◆ TO DO
Leaving out the pictures, restate each record below word for word.

────────

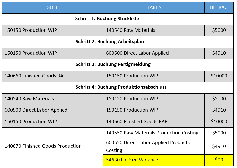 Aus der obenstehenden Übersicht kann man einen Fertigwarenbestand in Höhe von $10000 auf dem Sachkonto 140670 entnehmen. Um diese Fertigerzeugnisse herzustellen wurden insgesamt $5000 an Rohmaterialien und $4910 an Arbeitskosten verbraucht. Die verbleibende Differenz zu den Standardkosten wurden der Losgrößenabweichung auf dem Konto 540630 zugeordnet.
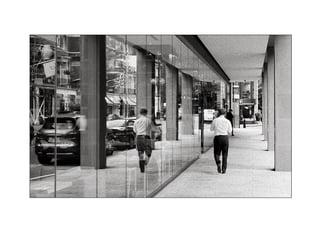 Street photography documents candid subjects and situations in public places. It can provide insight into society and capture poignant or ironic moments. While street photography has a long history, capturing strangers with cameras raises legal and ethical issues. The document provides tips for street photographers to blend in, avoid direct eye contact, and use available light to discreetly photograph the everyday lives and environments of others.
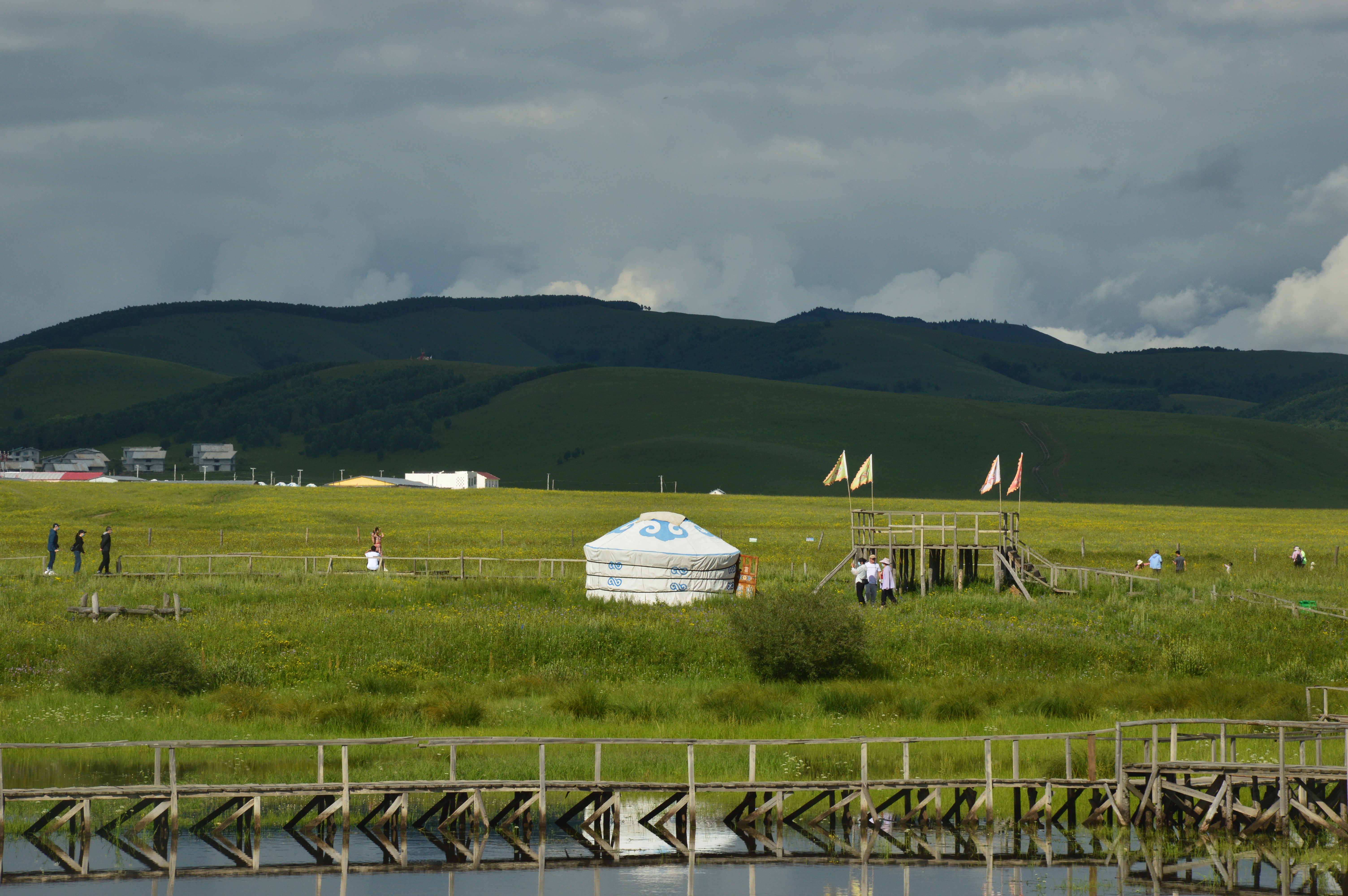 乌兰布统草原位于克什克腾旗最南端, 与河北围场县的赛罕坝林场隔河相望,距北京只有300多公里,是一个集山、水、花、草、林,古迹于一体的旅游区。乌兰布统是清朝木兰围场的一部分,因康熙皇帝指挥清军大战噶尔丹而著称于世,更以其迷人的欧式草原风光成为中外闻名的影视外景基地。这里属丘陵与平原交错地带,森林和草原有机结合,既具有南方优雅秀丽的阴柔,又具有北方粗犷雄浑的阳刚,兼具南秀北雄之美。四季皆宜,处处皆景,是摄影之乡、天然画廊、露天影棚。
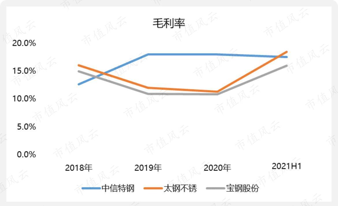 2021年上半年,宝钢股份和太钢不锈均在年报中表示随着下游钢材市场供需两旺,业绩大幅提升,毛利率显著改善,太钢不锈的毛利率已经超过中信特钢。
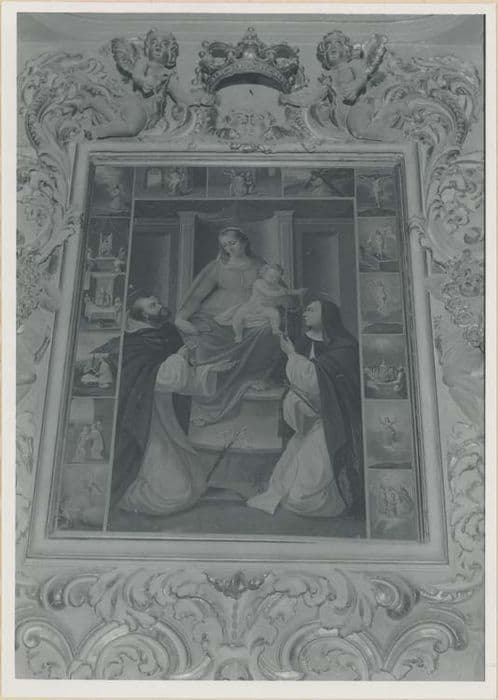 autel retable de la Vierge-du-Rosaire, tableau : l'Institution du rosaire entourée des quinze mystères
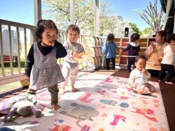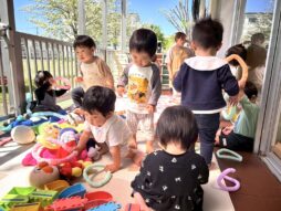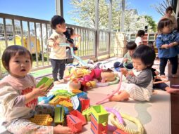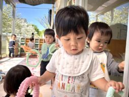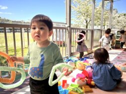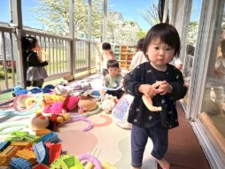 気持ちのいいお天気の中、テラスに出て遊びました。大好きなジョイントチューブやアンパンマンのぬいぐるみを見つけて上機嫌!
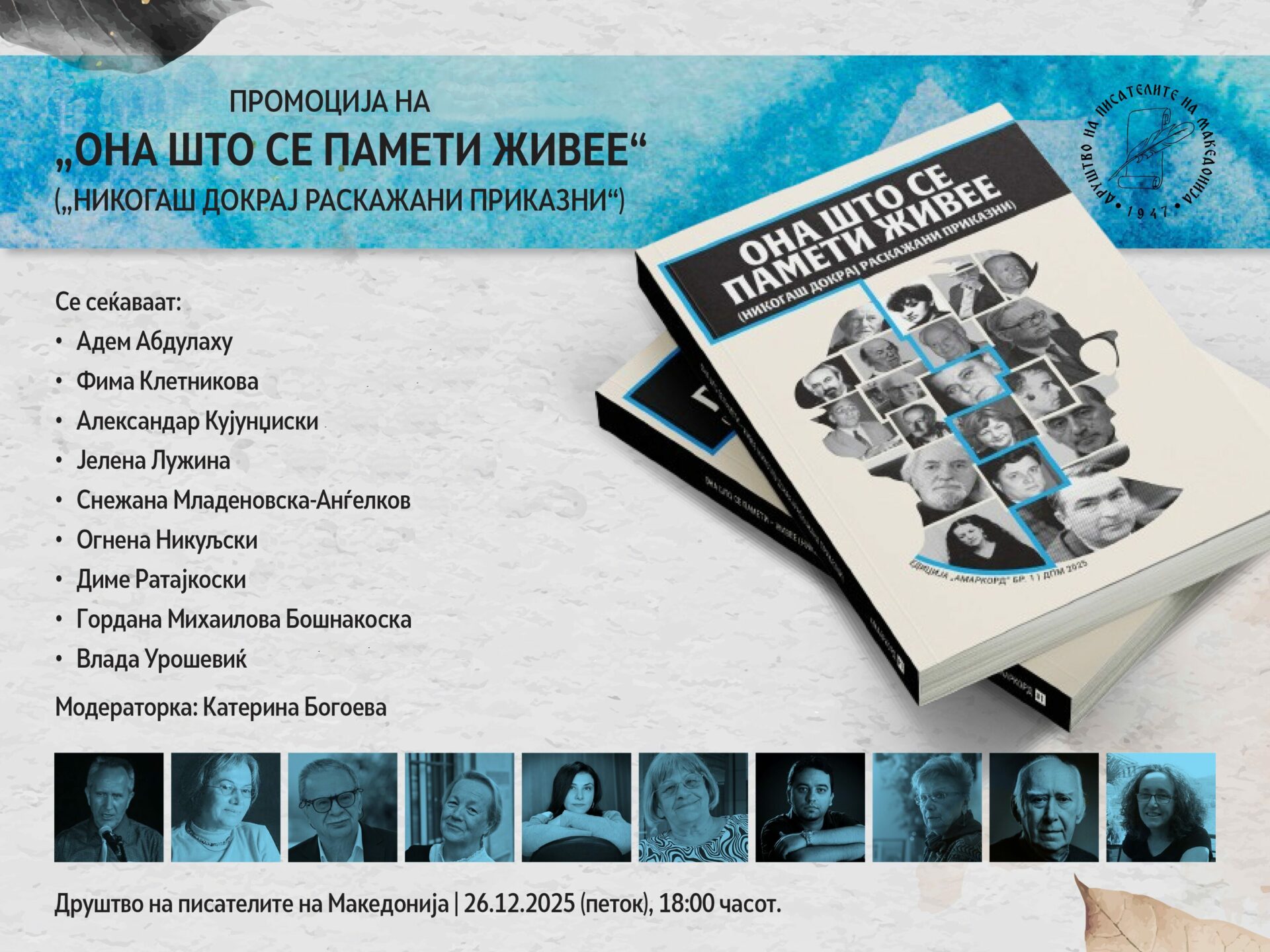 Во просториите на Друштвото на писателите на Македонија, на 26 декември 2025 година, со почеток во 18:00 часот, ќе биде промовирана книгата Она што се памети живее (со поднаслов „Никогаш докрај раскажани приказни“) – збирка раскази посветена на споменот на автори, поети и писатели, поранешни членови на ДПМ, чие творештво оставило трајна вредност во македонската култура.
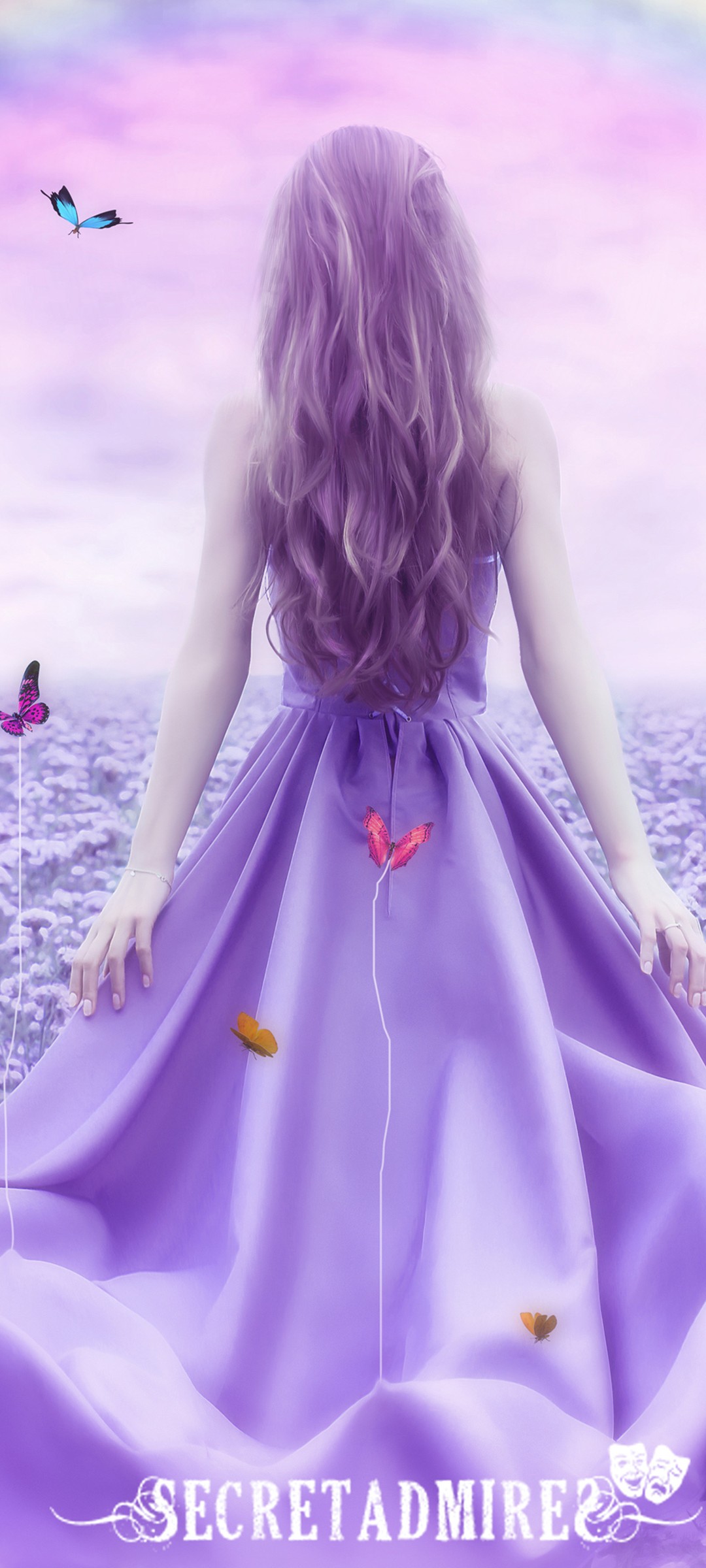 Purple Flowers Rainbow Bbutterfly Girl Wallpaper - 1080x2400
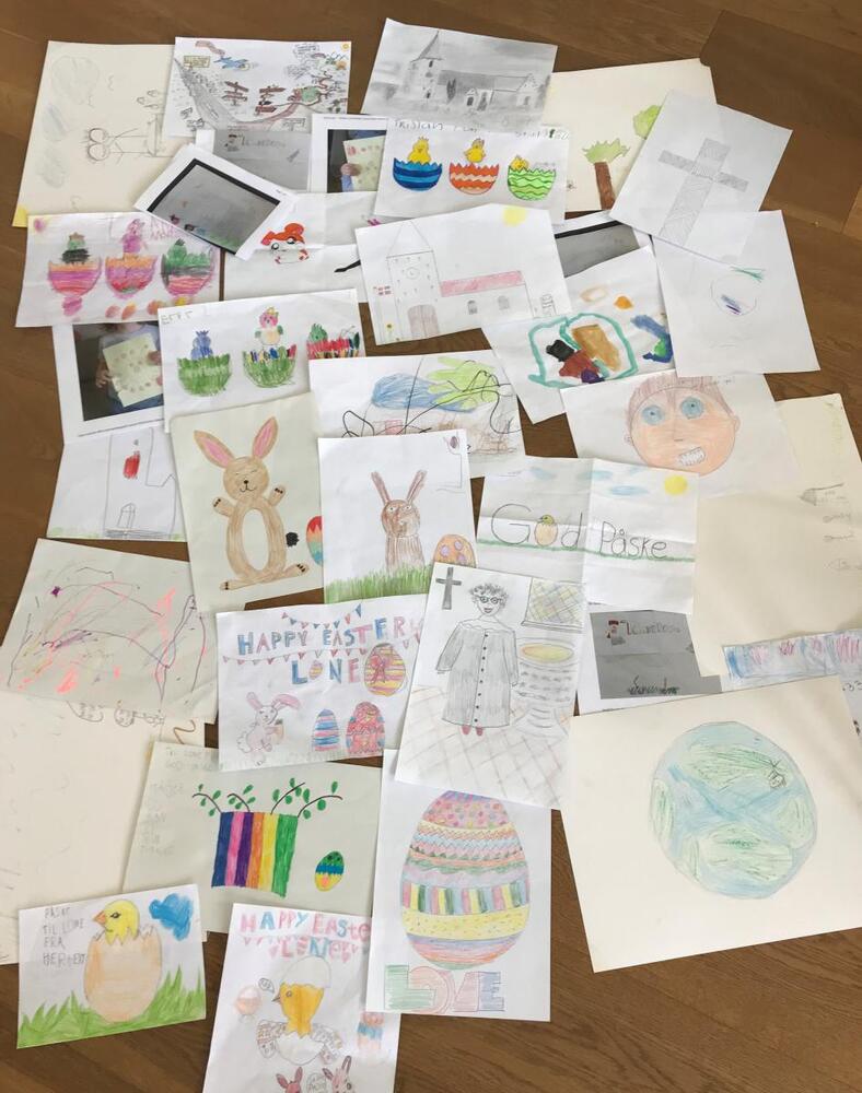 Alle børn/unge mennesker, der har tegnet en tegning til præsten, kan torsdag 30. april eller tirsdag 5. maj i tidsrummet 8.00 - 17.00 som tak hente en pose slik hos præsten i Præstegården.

────────

◆ ANSWER BELOW
 Aus der obenstehenden Übersicht kann man einen Fertigwarenbestand in Höhe von $10000 auf dem Sachkonto 140670 entnehmen. Um diese Fertigerzeugnisse herzustellen wurden insgesamt $5000 an Rohmaterialien und $4910 an Arbeitskosten verbraucht. Die verbleibende Differenz zu den Standardkosten wurden der Losgrößenabweichung auf dem Konto 540630 zugeordnet.
 Street photography documents candid subjects and situations in public places. It can provide insight into society and capture poignant or ironic moments. While street photography has a long history, capturing strangers with cameras raises legal and ethical issues. The document provides tips for street photographers to blend in, avoid direct eye contact, and use available light to discreetly photograph the everyday lives and environments of others.
 乌兰布统草原位于克什克腾旗最南端, 与河北围场县的赛罕坝林场隔河相望,距北京只有300多公里,是一个集山、水、花、草、林,古迹于一体的旅游区。乌兰布统是清朝木兰围场的一部分,因康熙皇帝指挥清军大战噶尔丹而著称于世,更以其迷人的欧式草原风光成为中外闻名的影视外景基地。这里属丘陵与平原交错地带,森林和草原有机结合,既具有南方优雅秀丽的阴柔,又具有北方粗犷雄浑的阳刚,兼具南秀北雄之美。四季皆宜,处处皆景,是摄影之乡、天然画廊、露天影棚。
 2021年上半年,宝钢股份和太钢不锈均在年报中表示随着下游钢材市场供需两旺,业绩大幅提升,毛利率显著改善,太钢不锈的毛利率已经超过中信特钢。
 autel retable de la Vierge-du-Rosaire, tableau : l'Institution du rosaire entourée des quinze mystères
 気持ちのいいお天気の中、テラスに出て遊びました。大好きなジョイントチューブやアンパンマンのぬいぐるみを見つけて上機嫌!
 Во просториите на Друштвото на писателите на Македонија, на 26 декември 2025 година, со почеток во 18:00 часот, ќе биде промовирана книгата Она што се памети живее (со поднаслов „Никогаш докрај раскажани приказни“) – збирка раскази посветена на споменот на автори, поети и писатели, поранешни членови на ДПМ, чие творештво оставило трајна вредност во македонската култура.
 Purple Flowers Rainbow Bbutterfly Girl Wallpaper - 1080x2400
 Alle børn/unge mennesker, der har tegnet en tegning til præsten, kan torsdag 30. april eller tirsdag 5. maj i tidsrummet 8.00 - 17.00 som tak hente en pose slik hos præsten i Præstegården.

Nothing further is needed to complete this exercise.